Delivering prudent healthcare
We are defined by our actions – advocating a healthy lifestyle ultimately means nothing unless individuals actually do it, and do it consistently. The value-action gap explains the discrepancy between our stated attitudes and our actual behaviour. BCS can help close the value-action gap for people throughout Wales.
This can be achieved in a number of ways: by focusing on behaviour of people in the healthcare system at all levels; by engineering the choice architecture to support healthy choices; by providing appropriate contingencies at an individual level to help the people of Wales take responsibility for their own health; by developing systems of support that recognise that some individuals will require more support to encourage health related habits; and by using BCS to influence the cultural attributes of our nation towards owning their own health.
A unique opportunity
The Welsh Government is uniquely placed to advance these gains by ensuring behaviour change becomes a central tenant of the prudent healthcare agenda. With organisations such as the Wales Centre for Behaviour Change* and world-leading behavioural and health research being conducted across the Welsh universities, the Welsh Government has a wealth of behaviour change resources at its disposal. Despite the myriad of health issues we are facing, this puts us in a good place.
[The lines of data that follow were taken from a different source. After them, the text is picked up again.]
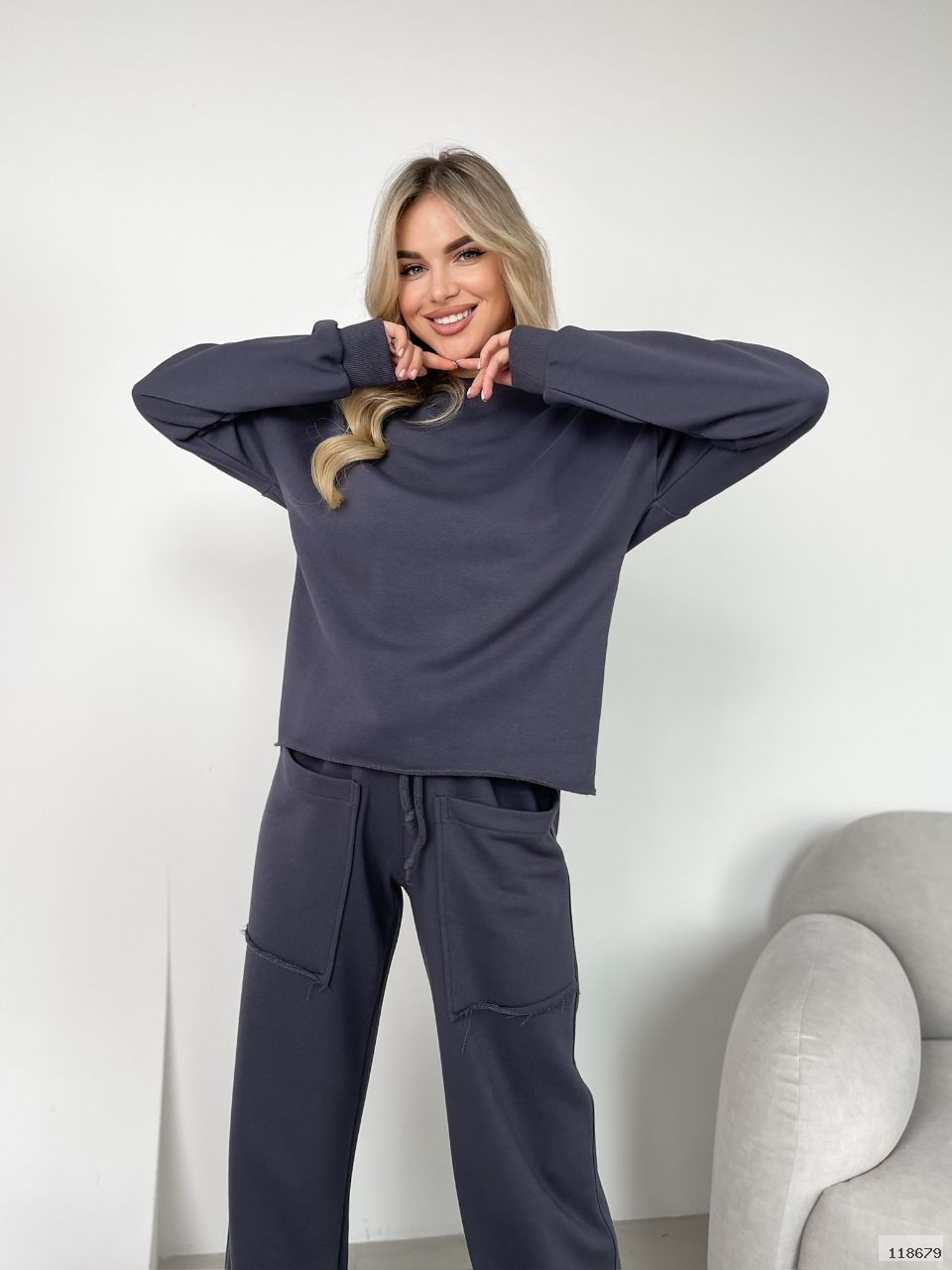 Світшот вільного крою, нижній манжет не оброблений. Горловина та манжети на рукавах з кашкорсе.
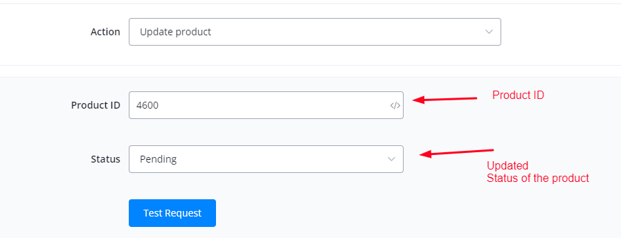 This action is used to update the product details using product ID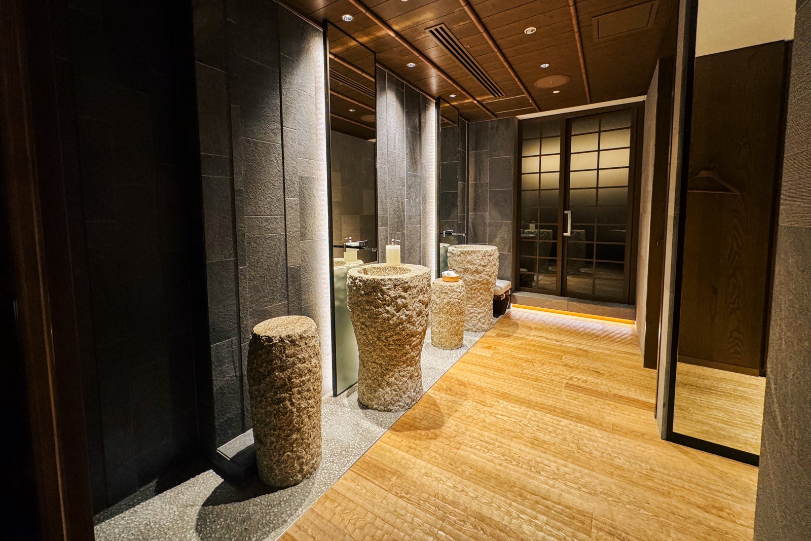 Up one level, the salon and spa have their own set of full locker rooms with the same amenities. The spa has just seven treatment rooms with decor inspired by Kyoto's traditional machiyas or wooden townhouses. The services incorporate well-known international brands like Biologique Recherche from France and the Japanese label Tatcha.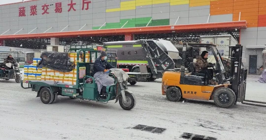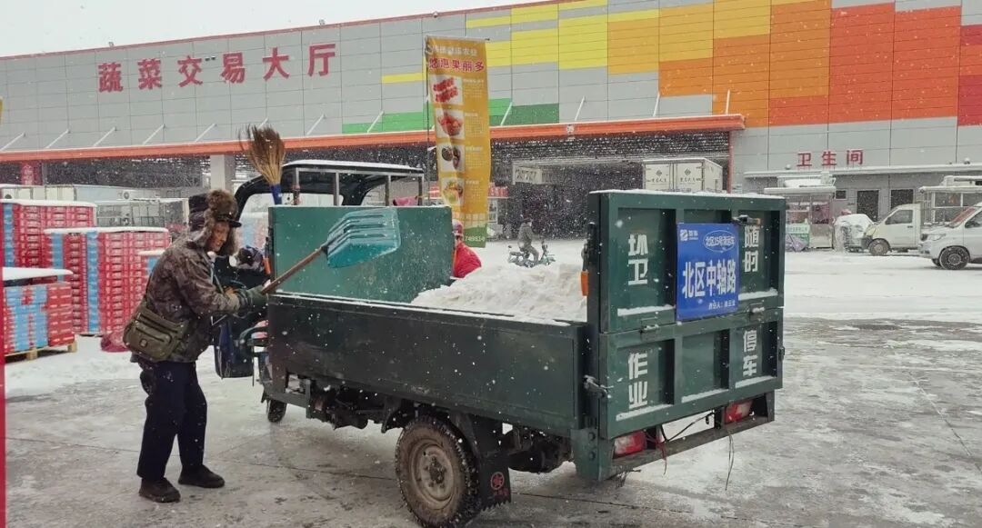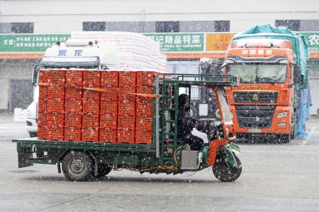 物流保障確保暢通與高效。集團與氣象、交通部門保持緊密聯動,提前規劃應急路線,為保供車輛協調通行便利。場內應急措施迅速到位,清雪除冰、鋪設防滑墊、設置保供專用通道等一系列動作,保障了內部流轉效率。倉儲環節,冷鏈設施啟動恒溫監控,并對在途及露天存放商品實施加蓋防寒氈、棉被等多層物理防護,有效防止農產品凍損。針對北京、天津等核心城市及重點單位,“點對點”直供機制確保優先調配、精準送達。

*The Wales Centre for Behaviour Change is based at Bangor University School of Psychology. The centre has been primarily funded through the Wales European Funding Office and brings together a multidisciplinary team specialising in translating scientific evidence on behaviour change into behaviour change in practice. The group has a unique mix of experts in behaviour analysis, neuroscience, health economics, human-digital integration, design, and sustainable models of enterprise.